Les professionnels du secteur étaient absents de cette manifestation. «J'ai constaté malheureusement que certains exposants sont venus pour vendre leurs produits alors que nous voulons des partenariats et un transfert du savoir-faire», a d'ailleurs commenté M. Belkhadem. M. Mimoune a indiqué pour sa part que la production nationale annuelle de poisson en Algérie est de l'ordre de 220 000 tonnes alors que les ressources halieutiques sont estimées à 600 000 tonnes. «Nous devons exploiter seulement un tiers des ressources et laisser les deux autres tiers pour la reproduction», note le ministre, en insistant sur la nécessité d'encourager l'aquaculture. «Les ressources halieutiques s'amenuisent dans le monde. Il faut aller vers une autre source de production, à savoir l'aquaculture», plaide-t-il.

Dans ce sens, M. Mimoune a annoncé le lancement d'un projet pilote pour l'élevage de la crevette, en partenariat avec la Corée du Sud. La capacité de production de cette ferme sera, selon lui, de 5 tonnes par an. Par ailleurs, les professionnels du secteur, à savoir les pêcheurs, rencontrés hier, se plaignent de beaucoup de problèmes.

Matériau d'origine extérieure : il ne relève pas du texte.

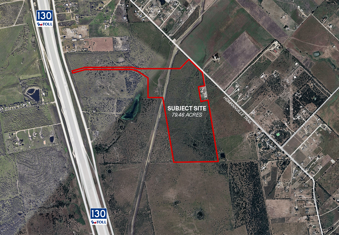 Acreage on corner of Toll 130 and FM 1185 available in minimum tracts of 10 acres.
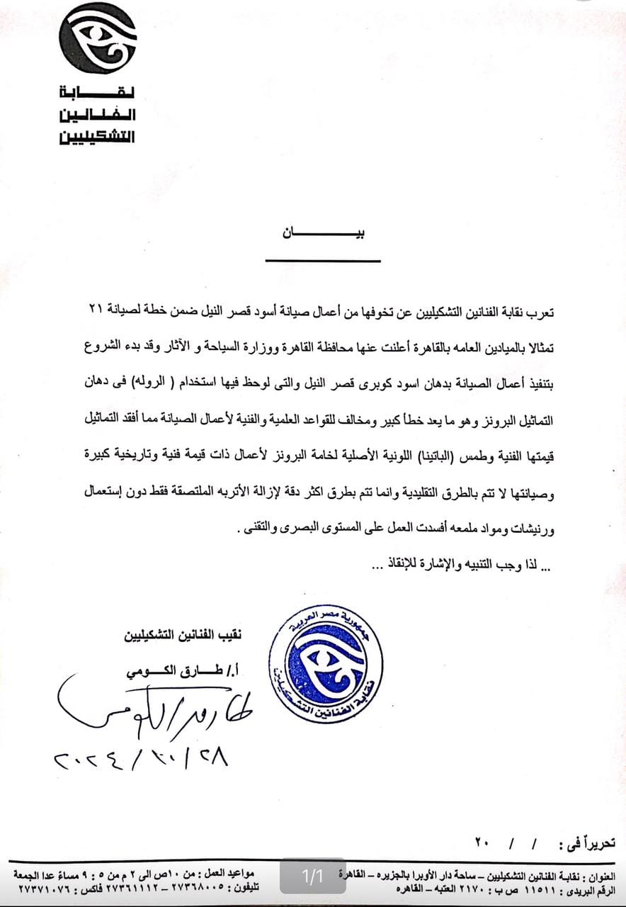 وكانت نقابة التشكيليين أصدرت بيانًا تبدي فيه تحفظها على عملية ترميم أسود قصر النيل، وجاء في نصّه: «تعرب نقابة الفنانين التشكيليين عن تخوفها من أعمال صيانة أسود قصر النيل ضمن خطة لصيانة 21 تمثالًا بالميادين العامة بالقاهرة أعلنت عنها محافظة القاهرة ووزارة السياحة والآثار».

Anza Salah (36 ans) commandant d'un chalutier, pointe du doigt la bureaucratie administrative. «Je connais des personnes qui ont attendu plus de 10 mois pour avoir le permis d'accoster au quai. Sans ce permis, il ne sert à rien d'acheter un chalutier», dit-il. Et d'ajouter : «De nombreux pêcheurs, même animés de la plus téméraire des convictions, laissent tomber leurs projets.» Interrogé sur les raisons de la flambée des prix de la sardine qui a dépassé les 280 DA le kilo, notre interlocuteur jette la pierre à «de nombreux revendeurs de poisson» qui «n’éprouvent aucun scrupule à écouler la sardine à
100 DA/kg alors qu'ils n'ont payé que 50 DA pour la caisse de 20 kg». Il regrette encore l'absence du service de régulation des prix. «C'est la foire d'empoigne», souligne-t-il. Même discours chez un autre professionnel venu de Tizi Ouzou. «C'est un salon sans les pêcheurs. Ils auraient dû faire venir des pécheurs d'autres régions du pays. C'est sûr, ils ne veulent pas s'attirer leurs foudres», note-t-il.

Et d'enchaîner : «Et puis, le salon nous offre certes un matériel de haute facture, mais onéreux. Imaginez un petit radar pour le sondage qui coûte 29 millions de centimes. C'est hors de portée.» Ouvert hier, le salon de la pêche, qui s’étend sur 3000 m2, se poursuivra jusqu'au 5 mars. Il enregistre la participation de 46 exposants, dont 16 étrangers venus notamment de France, d’Espagne, de Tunisie, d’Italie, d’Inde, d’Egypte, de Turquie, de Grèce et d’Iran. En marge du salon, des ateliers et des conférences sont animés par des responsables du secteur.